庭の手入れは大変だ。雑草を取り、毎日水をまき、力仕事も多い。しかし日光を浴び、土に触れ、植物を育てることで得られる達成感や穏やかな気持ちは他では得られない体験だ。

 僕はこの本を、たぶん1年くらい前かと思うが、読んだ。厳密に言うと僕の場合は庭ではなく畑だが、水をやる、力仕事をする、日光を浴びる、そして達成感と心の平穏を得る・・・みな同じだ。達成感それ自体は、どなたでも、さまざまなシーンにおいて得られていようが、植物(野菜)に関する場合、相手は生き物、AIを操作するようにはいかない。
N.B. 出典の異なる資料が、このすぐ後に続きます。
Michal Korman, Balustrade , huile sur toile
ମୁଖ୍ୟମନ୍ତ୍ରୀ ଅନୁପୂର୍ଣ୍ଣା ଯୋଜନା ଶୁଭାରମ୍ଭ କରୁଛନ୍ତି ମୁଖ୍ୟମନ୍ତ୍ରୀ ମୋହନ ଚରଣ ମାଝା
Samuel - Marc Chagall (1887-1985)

植物も、それを育てるこちら側の人間も、天候という全く意のままとならないファクターに大きく影響を受けている。それをどうにかクリヤーするところが他とは違う達成感である。

「植物を育てることは人間に生き方を教えてくれる」と著者は言う。植物を育てることは自分の思い通りにはいかない。桜や紅葉の時期が予測できないのと同じだ。自分の都合通りに進まず、相手のタイミングに合わせることが必要になる。それは他者を思う気持ちに繋がる。そして自分自身を見つめ直す時間になる。
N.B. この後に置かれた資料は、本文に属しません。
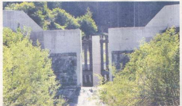
Verbauung Unterlauf des Leonhardsbaches abgeschlossen: Seit 1912 ist die schrittweise Zähmung des „schlafenden Riesen“ ein zentrales Thema in Roppen. Ein ganz wesentlicher Abschnitt konnte jüngst beendet werden.

VON KINDERGARTEN BIS GEWERBEPARK. Auch beim Neubau des Kindergartens geht was weiter. Nach Wunsch sollten die Einrichter im Oktober kommen, danach könne übersiedelt werden. Für 120 Kinder entstehen vier Kindergartengruppen und drei Einheiten für die Kinderkrippe.
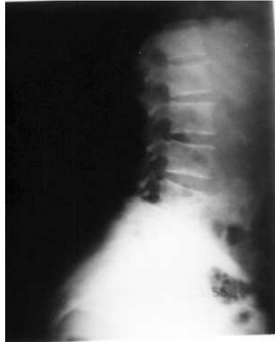
Resim 2. 29 yaşındaki hastanın ameliyat öncesi yan radyografisi
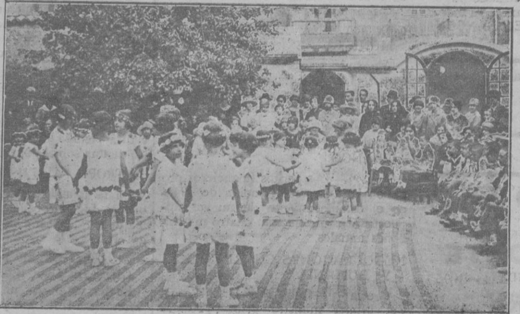
Un momento de la fiesta infantil
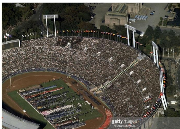
(รูปภาพสนามกีฬาแห่งชาติในช่วงพิธีเปิดโอลิมปิกปี1964)

กีฬาโอลิมปิกเกมส์เป็นการแข่งขันระหว่างประเทศที่มีทั้งฤดูร้อนและฤดูหนาวจัดขึ้นทุกๆ4ปีซึ่งรวบรวมนักกีฬาที่มีความสามารถหลายพันคนเข้าร่วมแข่งขันในกีฬาหลายประเภท ซึ่งกีฬาโอลิมปิกในปี1964ที่ถูกจัดโดยประเทศญี่ปุ่นเป็นครั้งแรก โดยการจัดโอลิมปิกในครั้งนี้สร้างความเปลี่ยนแปลงครั้งยิ่งใหญ่ให้กับญี่ปุ่นประเทศที่มีภาพลักษณ์อยู่ในสภาวะแพ้สงครามในขณะนั้น การที่ญี่ปุ่นได้รับมอบหมายในการจัดพิธีเปิดโอลิมปิกในครั้งนี้ถือว่าเป็นโอกาสครั้งยิ่งใหญ่จนสำนักข่าวJapan Timesรายงานข่าวที่ญี่ปุ่นสามารถเป็นประเทศที่ได้รับเลือกให้จัดโอลิมปิกว่า “คลื่นแห่งความยินดีของชาติส่งตรงมาจากมิวนิคว่าโตเกียวได้เป็นเจ้าภาพจัดโอลิมปิก 1964 เหยี่ยุ่ท่าแห่งสัญลักษณ์ของโอลิมปิกในที่สุดก็ได้เติมเต็มสมบูรณ์ในที่สุดโอลิมปิกเกมส์ก็มาถึงเอเชียเสียที” เพื่อแสดงให้เห็นถึงความสำคัญที่ญี่ปุ่นได้จัดโอลิมปิกในปี1964นั้นเป็นครั้งแรกของทวีปเอเชียซึ่งเป็นโอกาสพลิกโฉมประเทศกลายเป็นหนึ่งในประเทศที่มีอำนาจต่อรองหรือมหาอำนาจหนึ่งของโลกในปัจจุบัน
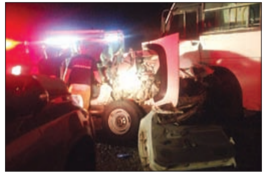
الحادث المروري تصادم وجهها لوجه
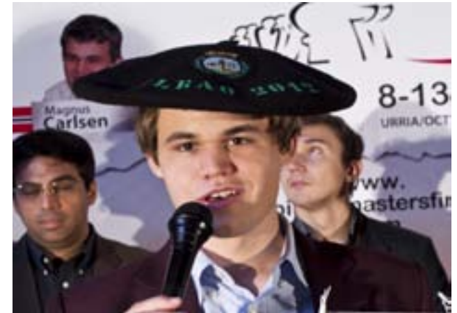
imagen exterior la difusión mediática de un evento del prestigio internacional del que la ciudad es sede fija.

La receptividad de todos grupos periodísticos sondeados fue muy positiva. Y no únicamente su receptividad, sino también -y lo que es más importante- la plasmación de una cobertura informativa sin precedentes de la Final de Maestros, en Sao Paulo y en Bilbao, tanto por el uso en la publicación y emisión de los contenidos multimedia que se les proporcionaron desde la organización como por la presencia física de los medios durante la disputa de las diez rondas que tuvieron como marco el Parque de Ibirapuera y Alhóndiga-Bilbao.
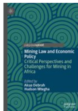
Mining Law and Economic Policy Ladenpreis: 49,49EUR
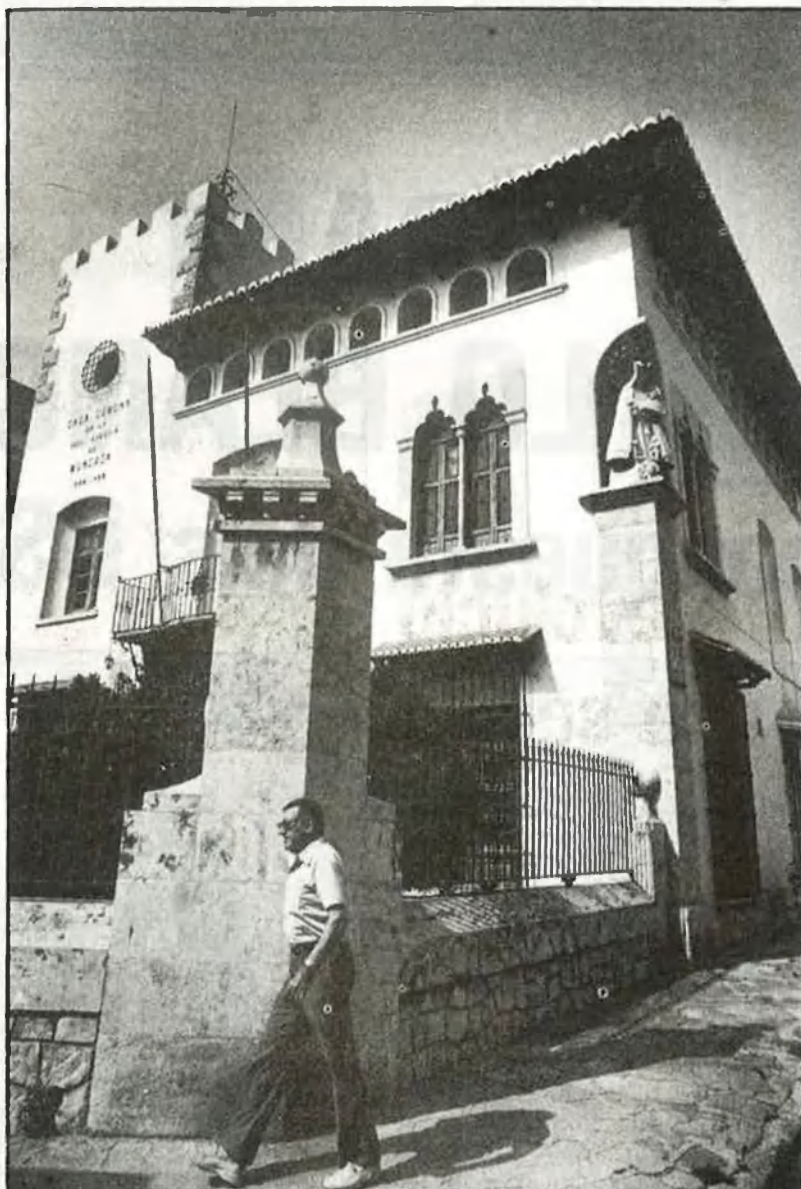
La Casa Comuna de la Séquia de Montcada

en comptes aliens a la Reial Séquia de Montcada. De fet, l'aparició de llibretes obertes posteriorment per a justificar diners cobrats abans i set o vuit milions de pessetes derivats cap a comptes particulars, foren les dues causes fonamentals de la proposta d'expulsió del secretari i el tresorer que el president feu a la junta.
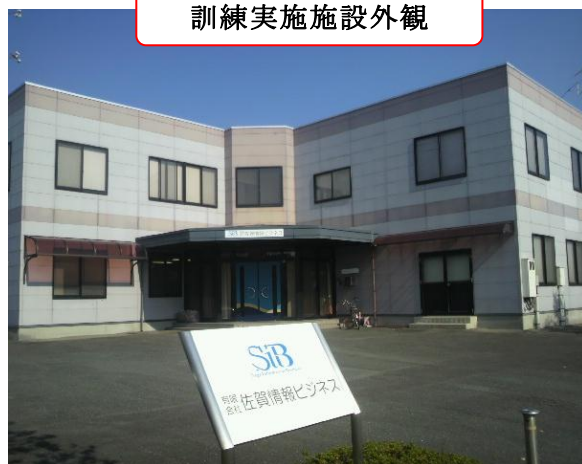
訓練実施施設外観

 植物が教えてくれることは数々ある。生きる力をもらったり、ホロッとさせられたり、もっと頑張らなくちゃ、オレも・・・そう尻を叩かれたりもする。そして、植物と接する暮らしの中で、僕がいま最も力を込めて言葉にしたいのは、「平和を願う気持ち」が強くなるということだろう。個人対個人もそう、国家対国家もそう。争いでもって憎悪をふくらませ、血を流すなどということがいかにつまらぬことかを植物は教えてくれるのだ。美しい花々だけじゃない、イモだってカホチャだって、マメだって、寡黙でいながら、「平和」が、いかに平凡ではあれど、尊いものであるかをちゃんと教えてくれるのだ。さて、この上の写真、先ほど書いた部屋の中での野菜の育苗。それにLEDライトが灯ったところである。具体的には午後3時半から5時。窓辺に太陽光が届かなくなった時刻に点灯する。